Power Play: AOL Acquires Advertising.com

America Online has swooped in to acquire Advertising.com for $435 million in cash just as the online advertising sector moves aggressively toward audience segmentation and pay-for-performance deals. The Time Warner unit's acquisition of the online ad network will enable it to deliver ads well beyond the confines of its own network to the Web at large. The goal of the deal would appear to position AOL as an online network force a la Google or Yahoo!'s Overture in paid search.

The purchase of Advertising.com is AOL's first major acquisition since the dot-com bust of 2000. According to the company, the deal increases AOL's ad audience to 140 million uniques per month. Advertising.com will also offer AOL new ad technologies, including behavioral targeting and online video commercials. AOL has traditionally focused on search and cost per thousand-based (CPM) transactions, and has had difficulty accepting rich media formats. As properties on its network segue to HTML and it brings more broadband programming to market, AOL will use Advertising.com to deliver and target an array of rich media and broadband video ads.

In recent years, the Dulles, Va.-based company has struggled with advertising sales. Ad revenue fell 40 percent in 2003 and 5 percent year-over-year in the first quarter due to economic conditions in the ad market, and the ongoing burn-off of so-called "backlog" multi-year ad deals.

In a conference call with the media and Wall Street analysts on Thursday, AOL Chairman Jonathan Miller said that the acquisition of Advertising.com, coupled with the resurgence of the online advertising industry and the demand for targeting technologies will aid the company's turnaround. He added that Advertising.com will continue to operate as a stand-alone entity much like Yahoo! and its search services provider Overture.

Advertising.com mainly buys CPM inventory from Web publishers, search engines, and email publishers, and resells that inventory on a cost-per-acquisition or pay-for-performance basis. It works with nearly 800 advertisers and 1,500 publishers. Its network reaches 110 million people each month, or 70 percent of the U.S. Internet population, which makes it the largest third-party advertising network on the Internet, according to comScore MediaMetrix.

Advertising.com CEO Scott Ferber noted that the company had filed for an initial public offering, but decided to pursue an acquisition after it was approached by AOL. "Now we will become bigger, faster," Ferber said.

Wall Street analysts seem to agree that the acquisition is a good move for AOL. "We believe it sends a very important signal regarding [Time Warner's] willingness to invest in the AOL business, especially the high growth/high margin advertising segment, Merrill Lynch first vice president Jessica Reif Cohen said in a report. "We applaud the decision to invest in this strategic/advertising-based business, and believe investors will embrace this as a means to unlock value from the AOL segment."

In his report, CIBC World Markets CFA Michael Gallant said: "This is a smart acquisition, in our view, as it moves AOL deeper into the pay-for-performance area of visual online advertising--the fastest growing area of online advertising besides paid search." Gallant also added that the price, which might seem high, was "reasonable, in our view, given that Advertising.com is the leading company in a burgeoning growth area in pay-for-performance-based deals in visual advertising."

In 2003, Advertising.com's revenue was 132 million, an increase of 80 percent over the previous year.

CEO Scott Ferber noted that Advertising.com typically competes with ValueClick and 24/7 Real Media. He said that Advertising.com is more focused on cost-per-acquisition than its competitors. However, 24/7 and ValueClick each aggregate publishers' web inventory and sell it to advertisers, like Advertising.com.

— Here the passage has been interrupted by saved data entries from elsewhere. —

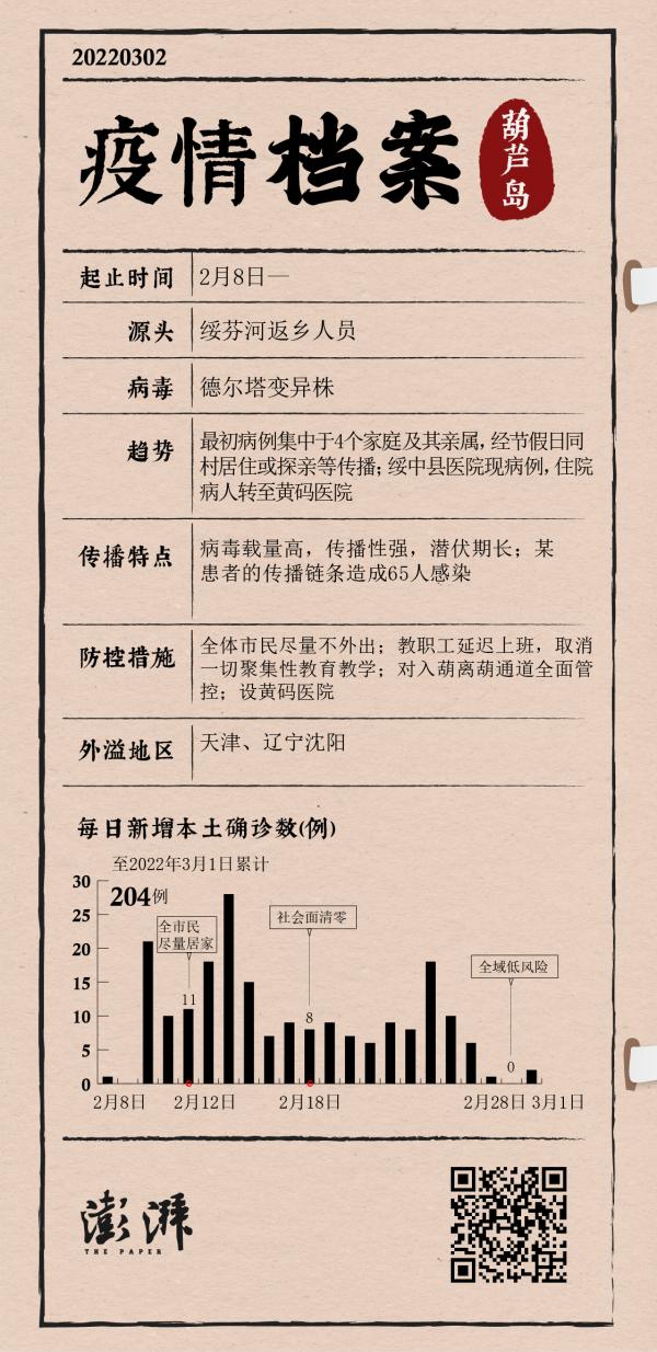 葫芦岛本轮疫情档案:至3月1日累计报告本土确诊病例204例,3月2日无新增。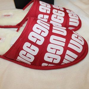 NIB UGG MEN'S SCUFF LOGO RED WHITE SLIPPERS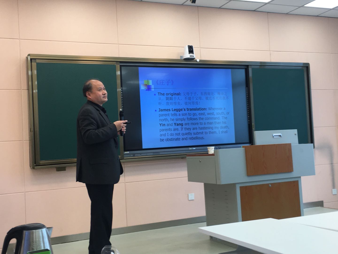 报告会上刘华文教授从我国经典传统文化翻译的现状分析入手,结合《论语》、《易传》、《庄子》的翻译译本,阐释我国经典传统文化翻译的思想认知、超限性认知和范畴性认知,进而指出我国传统文化翻译所呈现的异语形态可以促进源语文化的发展,有助于认识传统文化的时代思想活力,从而提升我们的文化自信心。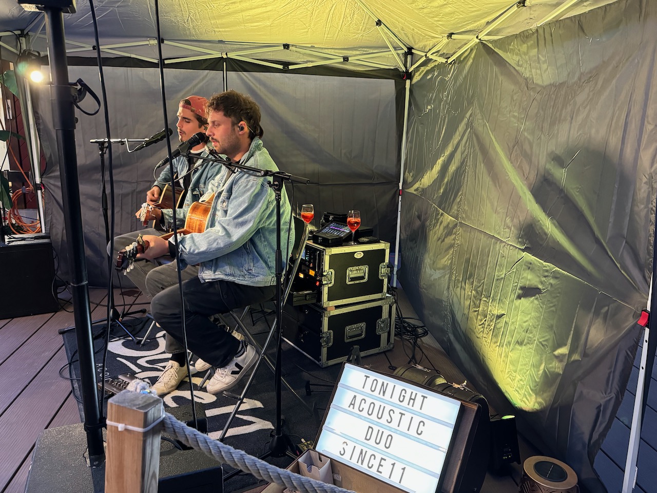 Am Samstagabend kurz vor 20 Uhr begannen die beiden Südtiroler Musiker Claus Stecher und Philipp Trojer ihr Konzert. Die Band Since11 spielte angenehme Pop-Klassiker wie zum Beispiel Hotel California von den Eagles oder auch moderneres von den Foo Fighters, steuerten aber auch ein paar hörenswerte eigene Songs bei.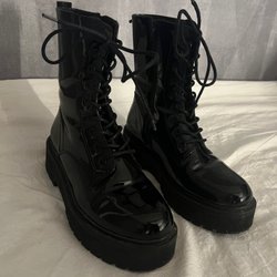 Färgblock stövlar med snörning. Stövlarna har ett färgstarkt foder.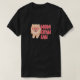 El color es muy bonito al natural, como la foto. El tejido es suave y de buena calidad. Sin defectos en el tintado, ni hilos sueltos o descosidos. Bien la impresión. Los bordes de las letras y el dibujo son nítidos, y el color contrasta muy bien con el de la camiseta.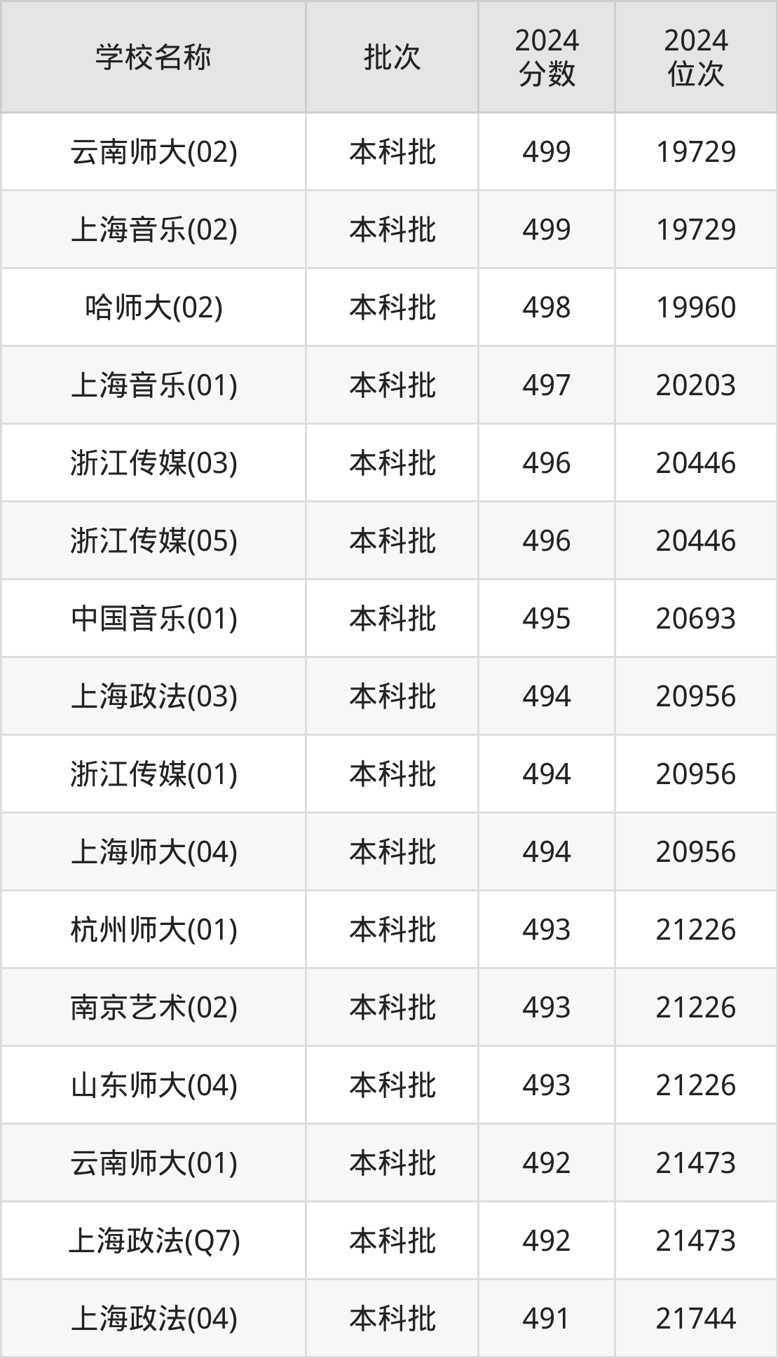 上海高考共有22所文科大学在470到500分之间录取,包含云南师范大学、上海音乐学院、哈尔滨师范大学、浙江传媒学院、中国音乐学院、上海政法学院、上海师范大学、杭州师范大学、南京艺术学院、山东师范大学。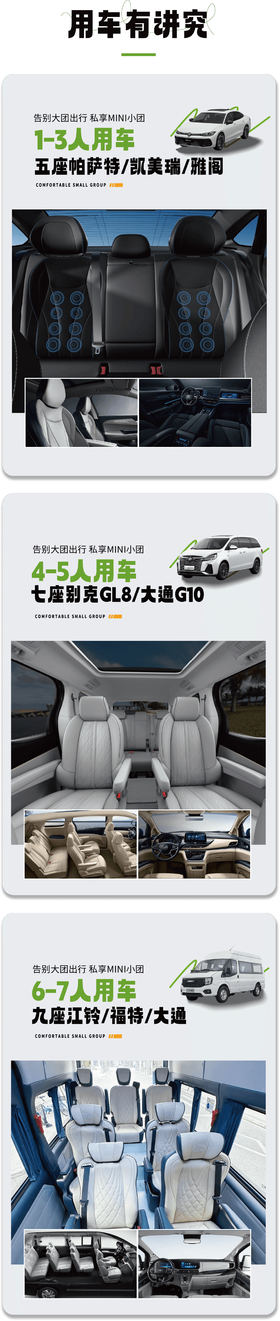 用车:根据人数适配5-9座车

David Yovanno, general manager of ValueClick's U.S. Media Division, noted that there are several similarities between the AOL-Advertising.com deal and Yahoo!'s acquisition of Overture in 2003. Overture had lucrative partnerships with competitor MSN after its purchase, and while it maintained a partnership with MSN after the Yahoo! acquisition, the deal unraveled over time. According to Yovanno, Advertising.com finds itself in a similar situation, as it has outstanding deals with MSN and Yahoo!, which could have an adverse impact on the company's revenue.

Yovanno noted that his other concern with the deal is the fact that it is entirely cash-based, which leaves little incentive for Advertising.com executives to stay with the company after the acquisition is finalized.